The causes of prostate cancer in dogs remain unknown.Idiopathic refers to a condition when the reason is unknown, which is most of the time the case.

Prostate cancer can also be caused by hormonal imbalance.Larger breed dogs are more susceptible to prostate cancer, which can affect both intact and neutered males.

Although adenocarcinoma is expected to be more common in neutered dogs, other precancerous prostate diseases, such as benign prostatic hyperplasia (BPH), are more common in dogs that have not been neutered.


Diagnosis :

The disease in dogs can be difficult to diagnose because the symptoms are similar to those of other cancers or even less dangerous illnesses like urinary tract infections.It is possible that it will go untreated until it has progressed to an advanced stage and has begun to spread.

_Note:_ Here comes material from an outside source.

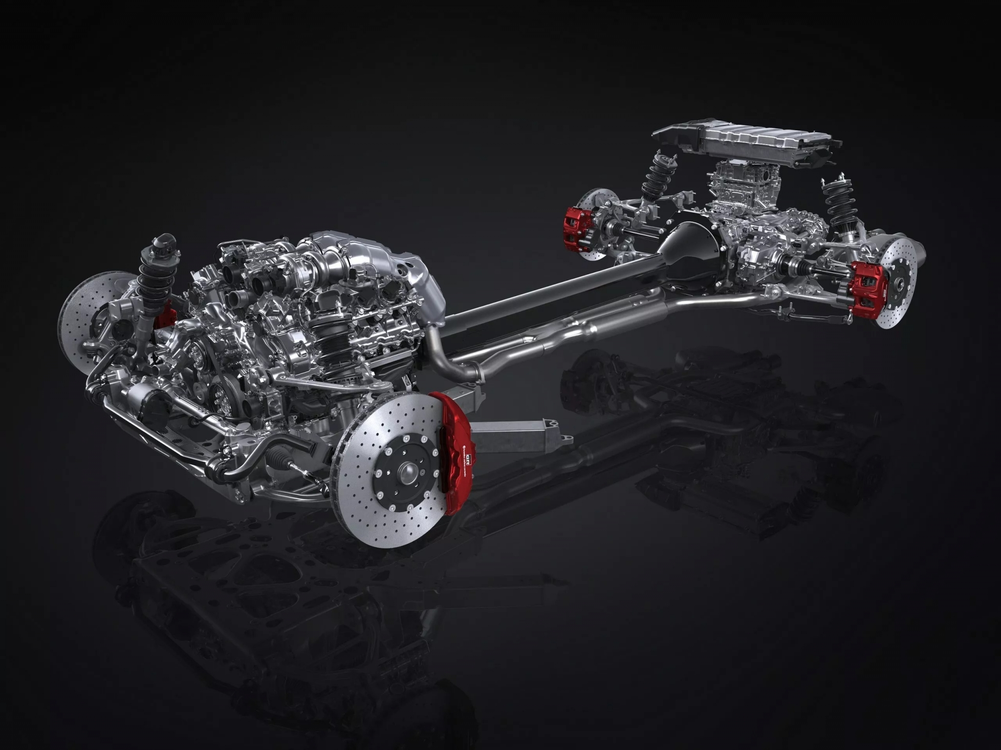 Привод — исключительно на задние колёса. Toyota озвучивает минимум 650 л.с. и 850 Н·м крутящего момента — и намекает, что цифры могут быть ещё выше. К тому же двигатель поддержан электромотором, так что отклик должен быть впечатляющим.

Palpitations and a physical examination are used by veterinarians to assess prostate health, especially in older individuals.They can generally discover prostate gland abnormalities or tumors in the abdomen.

Urinalysis, contrast X-rays, ultrasound imaging, and biopsies are some of the diagnostics that may be performed.

If the prostate is enlarged or has polyps, cysts, or tumors, an ultrasound can assist.Because it is impossible to establish whether the tumor is malignant without a biopsy of the rectal wall, veterinarians frequently do one.This assists them in determining whether the tumor is malignant and what type of cancer it is.

X-rays can be used to determine whether the cancer has spread to other parts of the body.


Treatment :

Surgery to remove the prostate gland may be a successful and possibly curative therapy option for dogs with the disease.It’s risky, though, and only possible if the cancer hasn’t spread to other parts of the body.

The cancer metastasizes quickly, so most dogs aren’t candidates for surgery.In most cases, neutering is ineffective in the treatment of the disease.

A combination of NSAIDs, chemotherapy, and radiation therapy is the most common and effective treatment for prostate cancer in dogs.This can add 20 months to a person’s life expectancy.

For dogs with prostate cancer, surgery to remove the prostate gland may be a successful and perhaps curative treatment option.However, it is dangerous and only achievable if the cancer has not progressed to other parts of the body.

Because the disease spreads quickly, most dogs aren’t surgical candidates.Neutering is usually ineffective in the treatment of the disease.

The most common and effective treatment for prostate cancer in dogs is a combination of NSAIDs, chemotherapy, and radiation therapy.This can increase a person’s life expectancy by 20 months.